# [SOLVED] Error compiling external modules on 4.9.5/4.9.6-r1

## assaf

I'm currently running gentoo-sources-4.4.26 mostly stable and was trying to upgrade to 4.9.5 (and then 4.9.6-r1)

All external modules i try to recompile fail with the newer kernels, usually complaining about "no rule to make target" on one of the object files.

Am i missing something that needs to be keyworded or something messed up with my machine? Or did something change with the kernel's makefiles?

For example:

```
make: Entering directory '/usr/src/linux-4.9.6-gentoo-r1'

make[1]: *** No rule to make target '/tmp/portage/media-video/bcwc_pcie-9999/work/bcwc_pcie-9999/fthd_hw.o', needed by '/tmp/portage/media-video/bcwc_pcie-9999/work/bcwc_pcie-9999/facetimehd.o'.  Stop.

make: *** [Makefile:1490: _module_/tmp/portage/media-video/bcwc_pcie-9999/work/bcwc_pcie-9999] Error 2

make: Leaving directory '/usr/src/linux-4.9.6-gentoo-r1'
```

Last edited by assaf on Thu Feb 02, 2017 8:25 pm; edited 1 time in total

----------

## audiodef

Is this manual config or genkernel? If manual, did you cp an old .config?
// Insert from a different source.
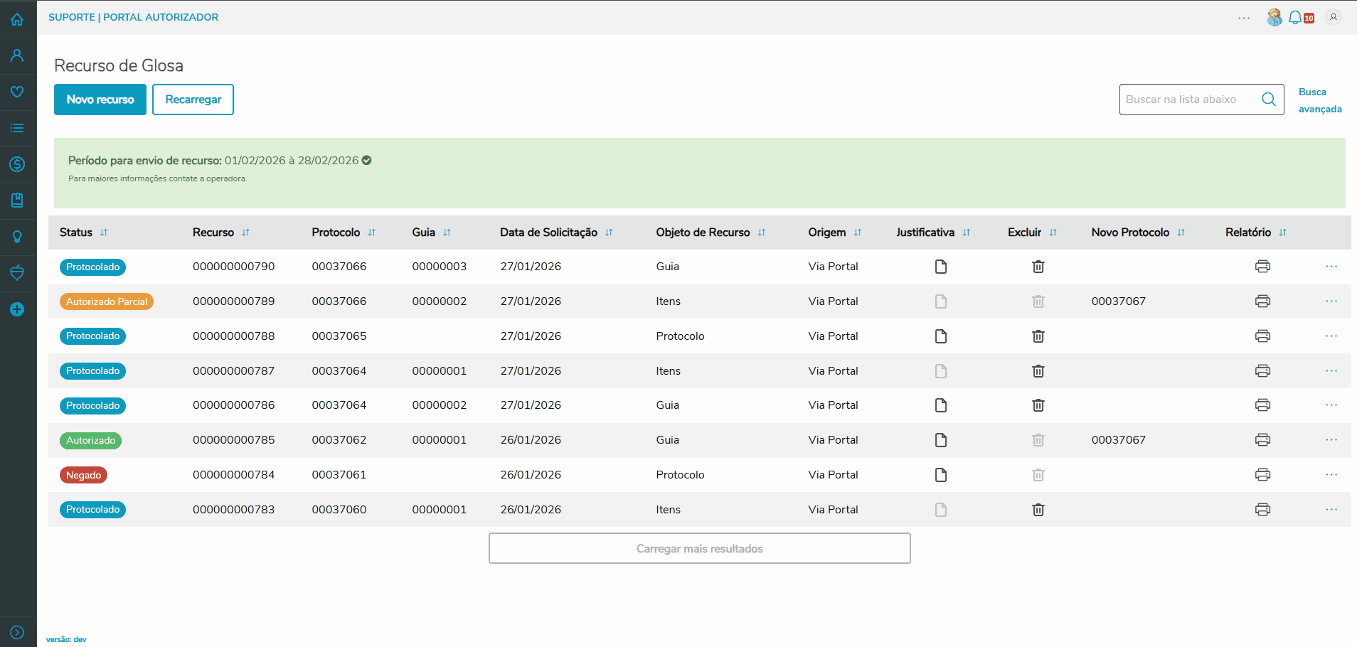 A tela de consulta de recursos irá exibir um histórico de todos os recursos feitos pelo prestador, indiferente da origem.

Did you make oldconfig, make defconfig, make clean, or whatever is appropriate for your needs?

----------

## assaf

I'm using genkernel to build but with my own customized .config which I copied from the previous kernel, and ran make oldconfig (like I always do).

Running make with -d there's seems to be a difference when running against the old and new kernels:

With the old kernel:

```
 Trying implicit prerequisite '/tmp/portage/media-video/bcwc_pcie-9999/work/bcwc_pcie-9999/fthd_hw.c'.

 Trying rule prerequisite 'FORCE'.

 Found an implicit rule for '/tmp/portage/media-video/bcwc_pcie-9999/work/bcwc_pcie-9999/fthd_hw.o'.

  Considering target file '/tmp/portage/media-video/bcwc_pcie-9999/work/bcwc_pcie-9999/fthd_hw.c'.
```

With the new:

```
 Trying implicit prerequisite '/tmp/portage/media-video/bcwc_pcie-9999/work/bcwc_pcie-9999/fthd_hw.c'.

 Trying rule prerequisite 'tools/objtool/objtool'.

 Trying pattern rule with stem 'fthd_hw'.

 Trying implicit prerequisite '/tmp/portage/media-video/bcwc_pcie-9999/work/bcwc_pcie-9999/fthd_hw.S'.

 Trying pattern rule with stem 'fthd_hw.o'.

 Trying implicit prerequisite '/tmp/portage/media-video/bcwc_pcie-9999/work/bcwc_pcie-9999/fthd_hw.o_shipped'.

 Trying pattern rule with stem 'fthd_hw'.

 Trying implicit prerequisite '/tmp/portage/media-video/bcwc_pcie-9999/work/bcwc_pcie-9999/fthd_hw.c'.

 Trying rule prerequisite 'tools/objtool/objtool'.
```

----------

## eccerr0r

These are all external DKMS so they may not line up with latest...

Try installing a 4.8 kernel as an experiment.  A quick look at a webpage seems to indicate it just got a commit for 4.8 kernels...

----------

## assaf

I did try with 4.8 and also with vanilla-sources, same issue.

This is just an example - I'm getting similar errors with other modules as well.

The error seems to be Makefile related (or maybe there's a hidden error message somewhere?).

It seems pretty basic: you have an .o file, you need to build the .c file, but it doesn't even try to.

Maybe something changed in kbuild after 4.4?

----------

## eccerr0r

Are these from an overlay?  Is there one from the default repository that doesn't work?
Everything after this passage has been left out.